Chen Cheng, Mu Chuanyong, Qu Qiuxia, Zhu Yibei, Sun Jing, Zhang Xueguang, Huang Jian'an
Department of Respiratory Medicine, Key Laboratory of Medicine and Clinical Immunology of Province of Jiangsu, the First Affiliated Hospital of Soochow University, Suzhou 215006, China.
Zhongguo Fei Ai Za Zhi. 2009 Aug 20;12(8):859-63. doi: 10.3779/j.issn.1009-3419.2009.08.05.
Tumor-associated PD-L1 expression was recently shown to promote T-cell apoptosis and proposed as a potential mechanism of immune evasion by tumors. On the basis of the ability of tumor-associated PD-L1 to mediate activated T-cell death, it is likely that manipulation of the PD-L1 pathway at defined time points during the development of the T-cell antitumor immune response can enhance the efficacy of T-cell-based immunotherapy. Here, the levels of expression of PD-L1 on lung cancer cell lines and its role in interaction of CTL and target cells was investigated.

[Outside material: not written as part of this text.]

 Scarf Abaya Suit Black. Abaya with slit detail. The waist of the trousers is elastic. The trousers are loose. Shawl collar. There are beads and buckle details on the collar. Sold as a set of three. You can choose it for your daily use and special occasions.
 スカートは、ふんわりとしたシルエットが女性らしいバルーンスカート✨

Human PBMC derived DCs were loaded with apoptotic tumor cells and stimulated by CD40 mAb (5C11). Tumor specific CTL was generated in vitro by autologous T cells co-cultured with mature DCs. Expression of PD-L1 on lung cancer cell lines H1299 and A549 were analyzed by FCM. JAM assay was used to detect the cytolytic activity of CTL with or without blocking PD-L1 by PD-L1 mAb respectively. The concentrations of IFN-gamma in supernatants from distinct groups were analyzed by ELISA.

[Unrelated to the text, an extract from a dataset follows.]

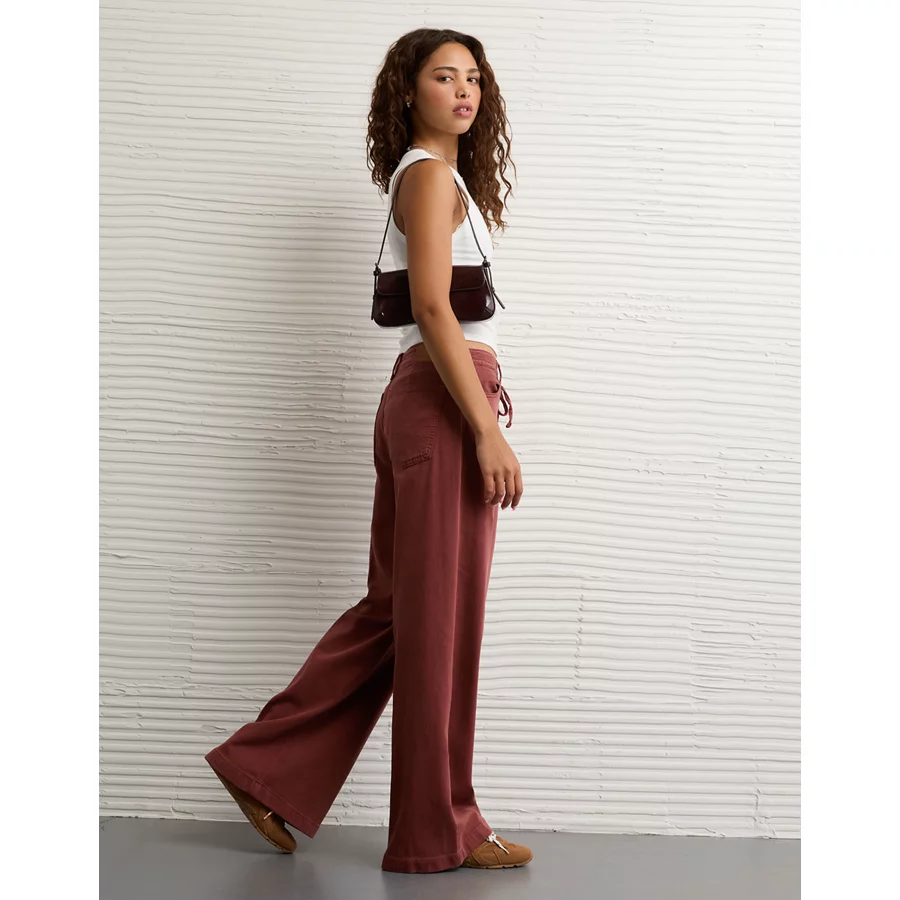 AE Dreamy Drape Stretch Low-Rise Ultra Wide-Leg Pant – Dark Rust
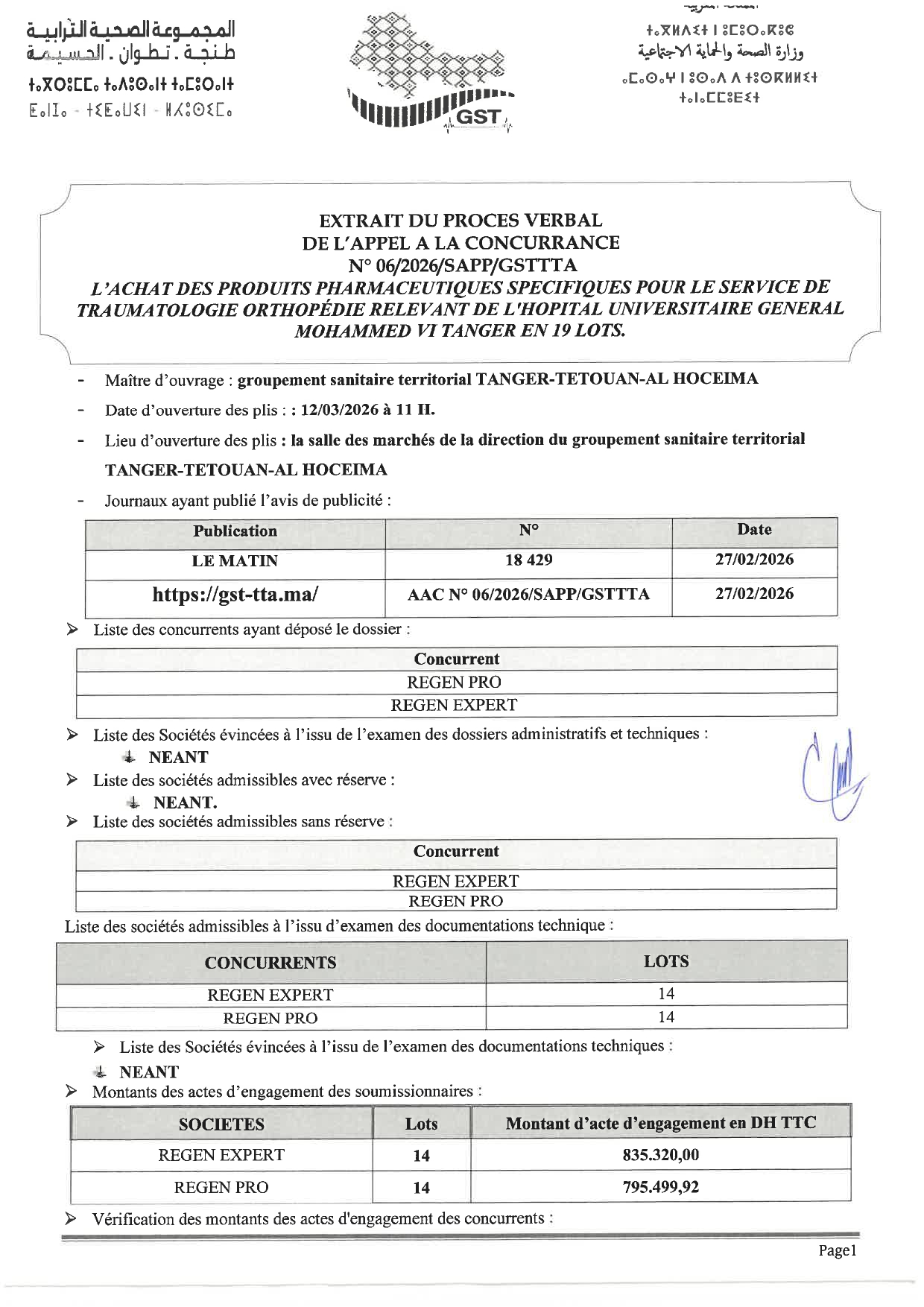 EXTRAIT DU PROCES VERBAL DE L’APPEL A LA CONCURRANCE N° 06/2026/SAPP/GSTTTA

Tumor cells-loaded mature DCs could induce the generation of the tumor specific CTL. Expression of PD-L1 was low on A549 cell, but high on H1299 cell. Blockade of PD-L1 on A549 could not improve cytolytic effect of CTL on target cells and IFN-gamma production, but fragmentation of H1299 cells and IFN-gamma production were significantly enhanced by the combination of PD-L1 mAb and CTL.

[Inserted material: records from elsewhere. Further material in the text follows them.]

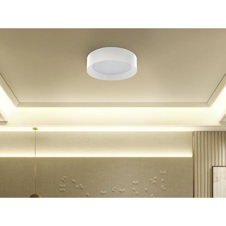Moderne plafonniere met Ingebouwde LED-verlichting. Breng een Scandinavisch accent aan in je woonkamer, hal of slaapkamer met deze klassieke plafondlamp. De lamp heeft een robuust stalen frame dat dankzij de tijdloze, witte kleur perfect in elk interieur past. De lamp heeft een ingebouwd LED-lampje, dat zorgt voor een zachte, diffuse verlichting.
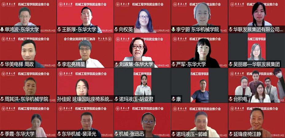 为贯彻落实党中央、国务院、教育部、上海市关于高校毕业生就业工作的决策部署,拓岗位、促就业,精准对接2022届、2023届毕业生就业工作,6月14日,“‘机’动天下,共创未来”yl6809永利YL集团就业推介会在云端顺利举行,校党委副书记刘淑慧出席并致辞。学生就业服务中心主任严军、副主任秦泽峰,yl6809永利YL集团党委书记王新厚、院长单鸿波、副院长周其洪、副院长裴泽光,8家参会企业负责人,以及学院2022届、2023届毕业班专兼职辅导员、毕业生代表共同参会。会议由yl6809永利YL集团党委副书记李宁蔚主持。
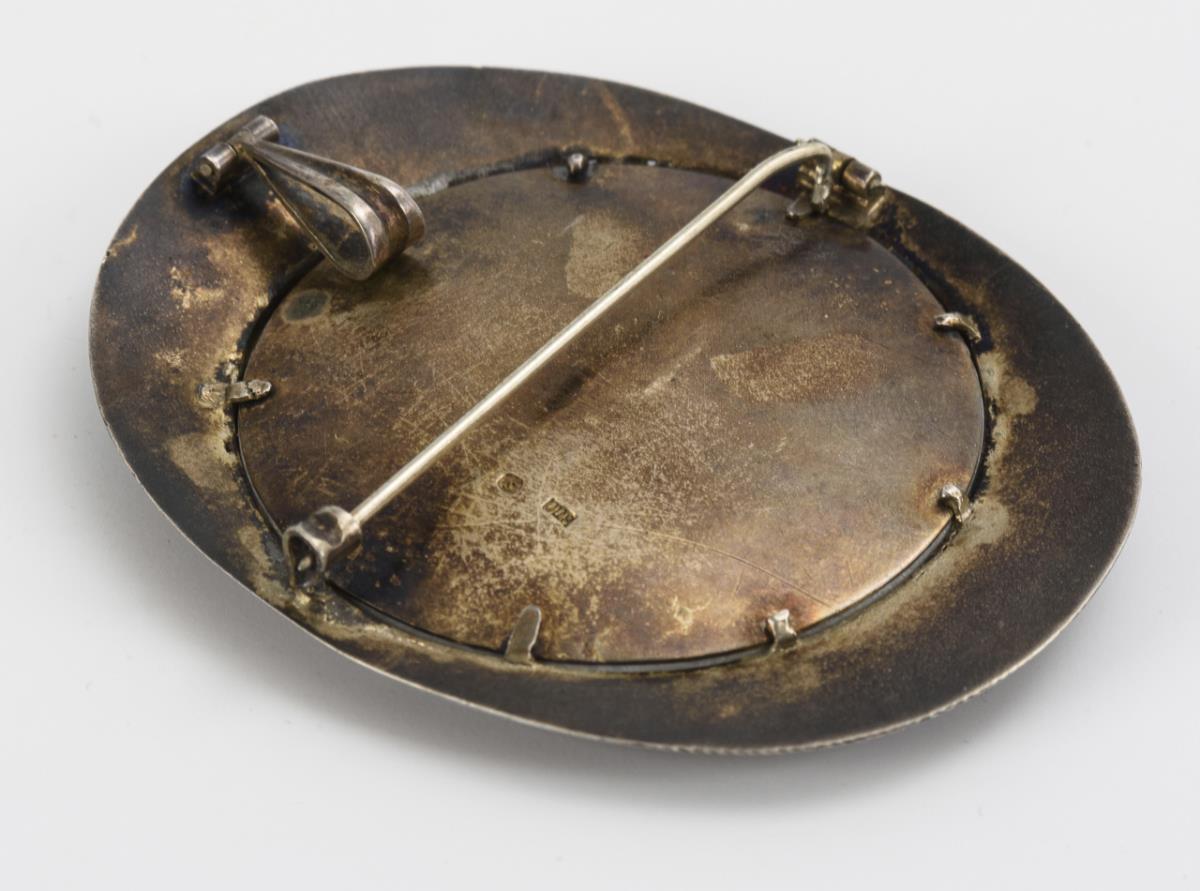 Emailmalerei wohl auf Milchglas oder Porzellan, Silber. 6,5 x 5 cm. 24 g.
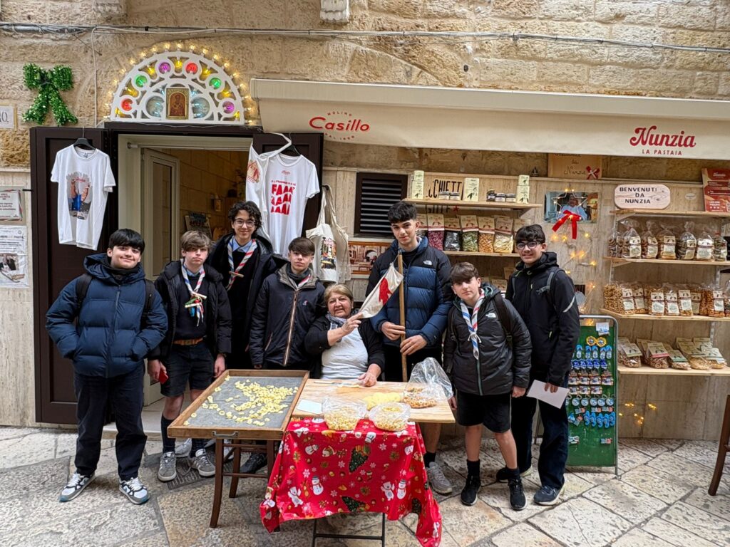 Siamo la squadriglia Falchi del Molfetta 4 e per la nostra prima impresa di squadriglia avevamo un obbiettivo chiave: volevamo conoscere una delle più antiche tradizioni culinarie baresi ovvero gli strascinati più comunemente conosciuti come le orecchiette. Queste orecchiette per la città di Bari non sono solo un semplice formato di pasta ma una tradizione antica costantemente tramandata, un patrimonio storico che ancora oggi si può osservare nel centro storico di Bari.

Expression of PD-L1 on lung cancer cell line can decrease the cytolytic effect of CTL on target cells.
肿瘤相关的程序性死亡配体-1(PD-L1)表达最近被证明可促进T细胞凋亡,并被认为是肿瘤免疫逃逸的一种潜在机制。基于肿瘤相关PD-L1介导活化T细胞死亡的能力,在T细胞抗肿瘤免疫反应发展的特定时间点操纵PD-L1途径可能会增强基于T细胞的免疫治疗效果。在此,研究了肺癌细胞系上PD-L1的表达水平及其在细胞毒性T淋巴细胞(CTL)与靶细胞相互作用中的作用。
用人外周血单个核细胞(PBMC)来源的树突状细胞(DC)负载凋亡肿瘤细胞,并通过CD40单克隆抗体(5C11)刺激。通过与成熟DC共培养的自体T细胞在体外产生肿瘤特异性CTL。通过流式细胞术分析肺癌细胞系H1299和A549上PD-L1的表达。分别用PD-L1单克隆抗体阻断或不阻断PD-L1,采用JAM试验检测CTL的细胞溶解活性。通过酶联免疫吸附测定(ELISA)分析不同组上清液中γ-干扰素(IFN-γ)的浓度。
负载肿瘤细胞的成熟DC可诱导产生肿瘤特异性CTL。A549细胞上PD-L1表达低,而H1299细胞上表达高。阻断A549上的PD-L1不能提高CTL对靶细胞的细胞溶解作用和IFN-γ产生,但PD-L1单克隆抗体与CTL联合使用可显著增强H1299细胞的裂解和IFN-γ产生。
肺癌细胞系上PD-L1的表达可降低CTL对靶细胞的细胞溶解作用。